The target duration option consists of 4 options. The default option is medium

Name	Max duration	Cumulative traffic share	Thoughts
`very_fast`	0.25s	95.99%	I think this threhsold would be handy to have for super busy endpoints (`/jwt/auth` or `Repositories::GitHttpController#info_refs`)
`fast`	0.5s	98.39%	So we can perhaps start striving for this to be the new default
`medium`	1s	99.62%	This is the default for most requests
`slow`	5s	99.99%	For the known slow endpoints

Using abbreviation instead of numbers is more friendly to engineers, and removes the paradox of choices. In fact, reasoning and debating which option to choose from are already time-consuming enough.
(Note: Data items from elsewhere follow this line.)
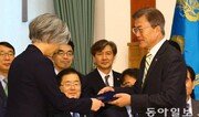 오늘의 정가 말말말(6월 21일)◆“한국이 더 크고 많은 역할을 해야 한다는 점을 강조하고 싶다.” (문재인 대통령, 미국 워싱턴포스트와의 인터뷰에서 북핵 해결 과정을 한국이 주도해야 한다며)◆“학술회의에 가서 얘기한 걸 갖고 왜 이 모양이냐.” (문정인 외교통일안보 대통령 특보, 미국 워싱턴에서 열린 세미나에서 “북한이 핵·미사일 활동을 중단하면 미국의 한반도 전략자산과 한미 연합군사훈련을 축소할 수 있다”는 발언이 논란이 된 뒤 인천국제공항을 통해 귀국하는 자리에서 불만을 표시하며)◆“시장과 국민들께 경제팀이 한 목소리를 내고, 예측가능하다는 것을 보여야 한다.” (김동연 경제부총리 겸 기획재정부 장관, 정부종합청사 직무실에서 장하성 청와대 정책실장, 김상조 공정거래위원장과 첫 회동 시작 전 모두발언에서)◆“몰타가 아니라도 모든 나라, 변방의 듣지도 보지도 못한 곳이라도 괜찮으니 빨리 얻을 수 있는 것으로 해 달라. 지금은 돈이 문제가 아니다.” (정유라 씨, 독일 내 재산관리인 역할을 한 것으로 알려진 데이비드 윤 씨에게 보낸 편지 내용을 검찰이 정 씨의 영장실질심사 과정에서 공개한 내용 중 일부) ◆“죄송하다. 성실히 조사에 임하겠다.” (‘호식이 두마리 치킨’ 최호식 전 회장, 20대 여직원을 성추행 한 혐의로 경찰에 출석한 자리에서)◆“오토에게 일어난 일은 완전히 치욕스러운 일이다. 절대, 절대 일어나서는 안 된다.” (도널드 트럼프 대통령, 북한에 억류됐다가 혼수상태로 석방된 미국인 오토 웜비어가 사망한 것에 대해 전날에 이어 언급하며) 정미경 기자 mickey@donga.com}
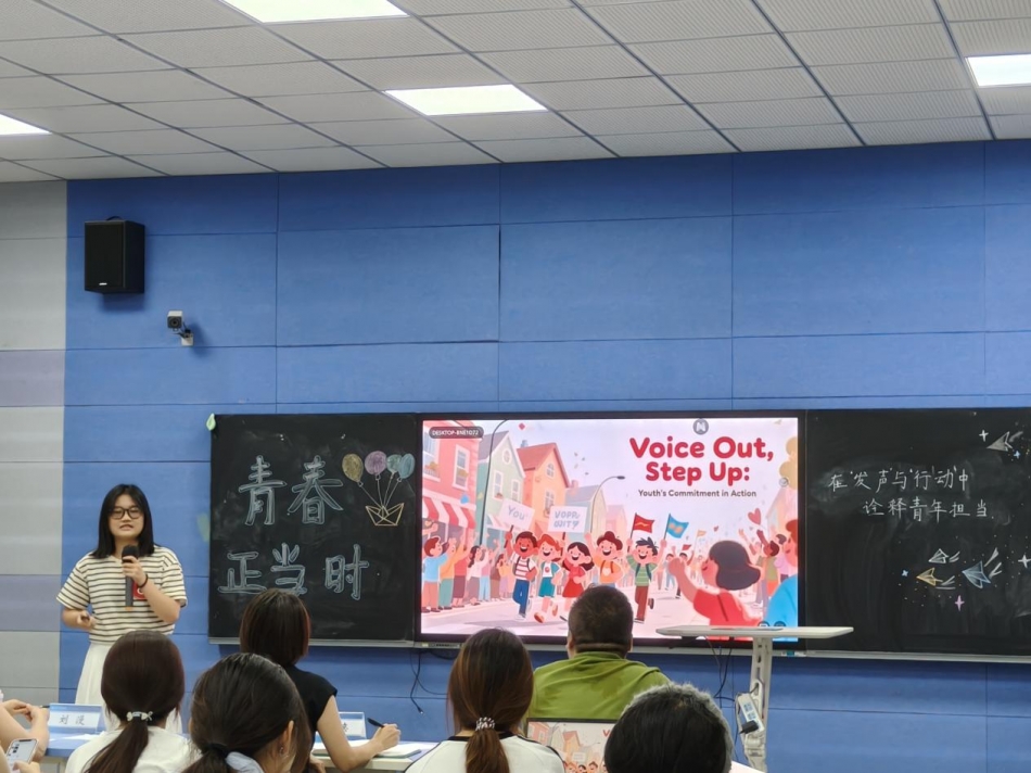 彭奕奕作总结点评,她对选手们的精彩表现给予了肯定。她强调,此次活动不仅是展现青年学子口语风采的平台,更是激励大家以“五四精神”为指引、在语言实践中深化责任担当的重要契机。她希望同学们能永葆对英语学习的热忱,持续提升英语应用能力,将语言所长与时代使命紧密结合,以青春之声传递青年担当,把所学知识转化为服务社会、投身国家发展的实际行动,在未来的广阔天地中贡献属于新时代青年的智慧与力量。
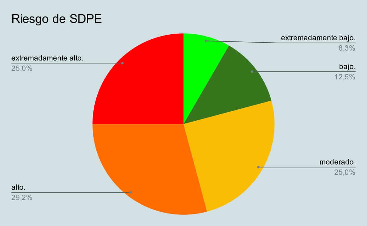 Si nos fijamos en el riesgo de SDPE un 54,2% de los docentes se encuentra en los grupos de riesgo alto y muy alto de SDPE, en tanto un 20,8% pertenece a las categorías baja y muy baja.
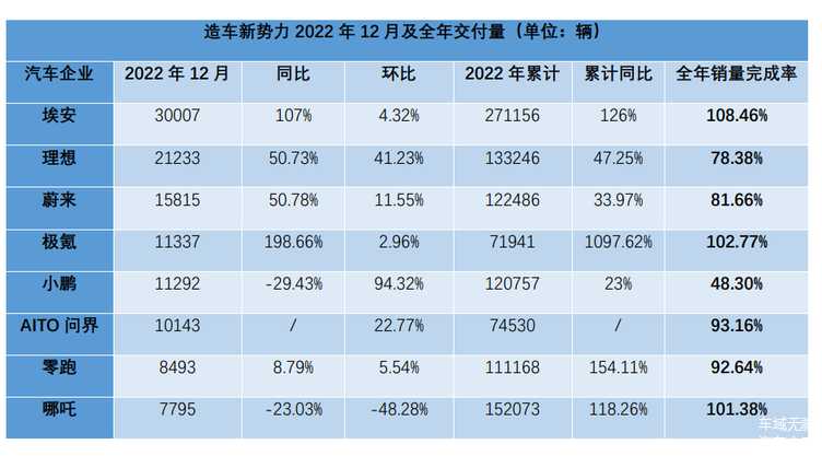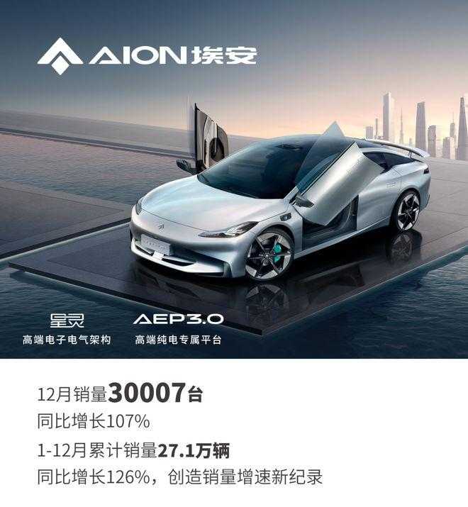 2022年12月,广汽埃安销量为30,007辆,同比增长107%;1-12月累计销量271,156辆,同比增长126%,创下销量增速新纪录。
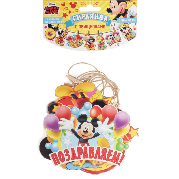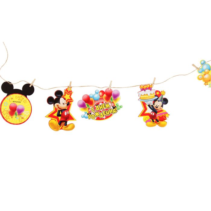 Гирлянда на прищепках "С Днем Рождения!", Микки Маус и друзья
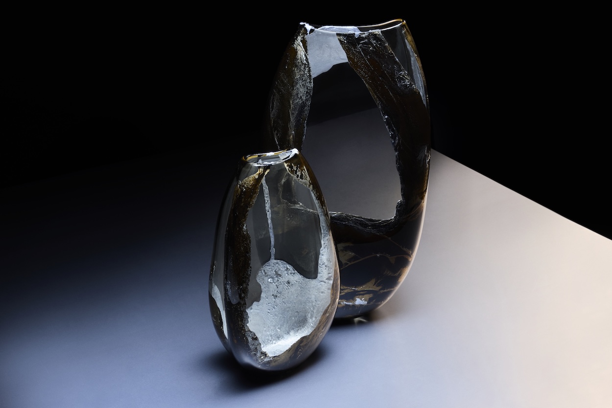 The material behavior of liquid aluminum creates striated glass orbs and vessels

To achieve the goals, this MR:

Add new target_duration DSL in Gitlab::WithFeatureCategory to support options.
Provide some helper methods to access target durations in Controllers and APIs.
Provide a way to retrieve the target duration inside middleware layer, Gitlab::Metrics::RequestsRackMiddleware in detail. Technically, this should be a part of gitlab-com/gl-infra/scalability#1099 (closed), but it is nice to provide this method and corresponding tests beforehand.

Screenshots or screen recordings

No. There shouldn't be any changes from the user perspective.

How to set up and validate locally

Update a controller using the above DSL, for example UsersController

class UsersController < ApplicationController
  target_duration :fast, [:show]
  target_duration :slow, [:groups, :snippets]
end

Check the feature categories and target duration in the terminal:

[2] pry(main)> c = UsersController.new.tap { |c| c.action_name = :show }
=> #<UsersController:0x00000000044520>
[3] pry(main)> c.feature_category
=> "users"
[4] pry(main)> c.target_duration
=> :fast
[5] pry(main)> c = UsersController.new.tap { |c| c.action_name = :snippets }
=> #<UsersController:0x00000000044548>
[6] pry(main)> c.feature_category
=> "users"
[7] pry(main)> c.target_duration
=> :slow
5] pry(main)> c = UsersController.new.tap { |c| c.action_name = :snippets }
=> #<UsersController:0x00000000044548>
[6] pry(main)> c.feature_category
=> "users"
[7] pry(main)> c.target_duration
=> :slow
[10] pry(main)> c = UsersController.new.tap { |c| c.action_name = :ssh_keys }
=> #<UsersController:0x00000000044598>
[11] pry(main)> c.feature_category
=> ""
[12] pry(main)> c.target_duration
=> :medium

MR acceptance checklist

These checklists encourage us to confirm any changes have been analyzed to reduce risks in quality, performance, reliability, security, and maintainability.

Quality

Confirmed

I have self-reviewed this MR per code review guidelines.
For the code that that this change impacts, I believe that the automated tests (Testing Guide) validate functionality that is highly important to users (including consideration of all test levels). If the existing automated tests do not cover this functionality, I have added the necessary additional tests or I have added an issue to describe the automation testing gap and linked it to this MR.
I have considered the technical aspects of the impact of this change on both gitlab.com hosted customers and self-hosted customers.
I have considered the impact of this change on the front-end, back-end, and database portions of the system where appropriate and applied frontend, backend and database labels accordingly.
I have tested this MR in all supported browsers, or determiend that this testing is not needed.
I have confirmed that this change is backwards compatible across updates, or I have decided that this does not apply.
I have properly separated EE content from FOSS, or this MR is FOSS only. (Where should EE code go?)
If I am introducing a new expectation for existing data, I have confirmed that existing data meets this expectation or I have made this expectation optional rather than required.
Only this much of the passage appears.